Give the entries back exactly as they stand, but without pictures.

[Saved entries]
◆ ◆ ◆ ◆

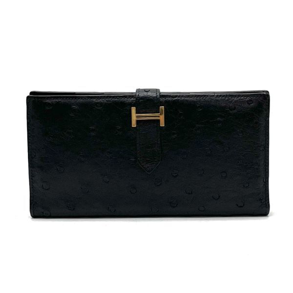 > 1円 良品 HERMES エルメス ベアン スフレ オーストリッチ 二つ折り 長財布 □J刻印 eY0852A
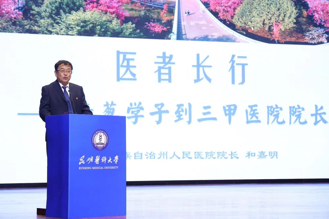和嘉明深情讲述了在昆医学习成长的点滴,并介绍了自己在基层医疗机构的工作情况和医院的发展建设历程。他说:“母校将是你们最坚实的根基,她给予我们的不仅是安身立命的知识技能,更是受益终身的精神财富和前进力量。无论你们来自何方,无论你们曾面临何种困难,在这里,都能找到属于自己的光芒。”
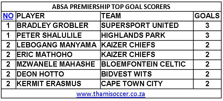 ABSA Premiership Top Goal Scorers 27 August 2019 Posted on 2019-08-27 By Thami Mshengu No Comments on ABSA Premiership Top Goal Scorers 27 August 2019 (Visited 172 times, 1 visits today)Share this:TwitterWhatsAppPrintTumblrLinkedInFacebookTelegramRedditPocket Related Betway Premiership
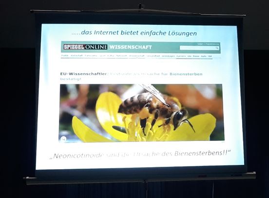 Der Vortrag von Herrn Dr. Klaus Wallner von der Universität in Hohenheim mit dem Titel "Bienen und Landwirtschaft" beleuchtete die Problematik bezüglich Rückgang der Bienen und die Zusammenhänge mit der Landwirtschaft. |
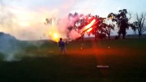 Des individus tentent d'allumer un feu de camp avec un bazooka artisanal et un feu d'artifice. Mission réussie i

◆ ◆ ◆ ◆

**The completed task:**
 > 1円 良品 HERMES エルメス ベアン スフレ オーストリッチ 二つ折り 長財布 □J刻印 eY0852A
和嘉明深情讲述了在昆医学习成长的点滴,并介绍了自己在基层医疗机构的工作情况和医院的发展建设历程。他说:“母校将是你们最坚实的根基,她给予我们的不仅是安身立命的知识技能,更是受益终身的精神财富和前进力量。无论你们来自何方,无论你们曾面临何种困难,在这里,都能找到属于自己的光芒。”
 ABSA Premiership Top Goal Scorers 27 August 2019 Posted on 2019-08-27 By Thami Mshengu No Comments on ABSA Premiership Top Goal Scorers 27 August 2019 (Visited 172 times, 1 visits today)Share this:TwitterWhatsAppPrintTumblrLinkedInFacebookTelegramRedditPocket Related Betway Premiership
 Der Vortrag von Herrn Dr. Klaus Wallner von der Universität in Hohenheim mit dem Titel "Bienen und Landwirtschaft" beleuchtete die Problematik bezüglich Rückgang der Bienen und die Zusammenhänge mit der Landwirtschaft. |
 Des individus tentent d'allumer un feu de camp avec un bazooka artisanal et un feu d'artifice. Mission réussie i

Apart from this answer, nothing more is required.